While inflation moderated across most of the jurisdictions in which AngloGold operates, exceptional disinflation took place in Argentina, where disinflation fell to a still-high 39% from the sky-high 272% of a year ago. In Argentina, AngloGold owns 92.5% of Cerro Vanguardia, with state company Fomicruz owning the remaining 7.5%.
Cerro Vanguardia is a gold-silver operation with multiple small open pits with high stripping ratios and multiple narrow-vein underground mines that produce gold with silver as a by-product. Three mining methods are used for underground mining: sub-level stoping (bottom-up and top-down), cut and fill, and room and pillar. There is a single tailings dam. The state road passes close to the operation, providing access for logistics. Power for the mine is supplied and purchased on the open market.

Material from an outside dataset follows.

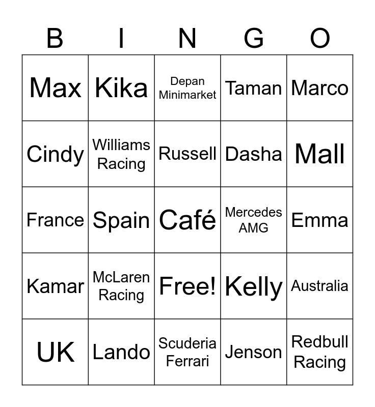 This bingo card has 26 words: Free!, Jenson, Russell, Lando, Marco, Max, Cindy, Kika, Emma, Kelly, Dasha, France, Australia, UK, Spain, Italy, Taman, Kamar, Depan Minimarket, Café, Mall, Scuderia Ferrari, Mercedes AMG, McLaren Racing, Williams Racing and Redbull Racing.

Inflation in Brazil has risen to 5.4% from 4.2% a year earlier. In Brazil, AngloGold has AGA Mineração in Minas Gerais, and Serra Grande in Goiás. AGA Mineração includes the Cuiabá and Córrego do Sítio (CdS) mining complexes, though the CdS complex was placed on care-and-maintenance in 2023. Serra Grande, in central Brazil, has three underground mines and one opencast mine, along with a metallurgical plant.
Overall realised inflation rate experienced by AngloGold was 4.6%, putting upward pressure on costs.
“We continue to look for opportunities to offset cost impacts from the macro factors we are exposed to,” Doran accentuated.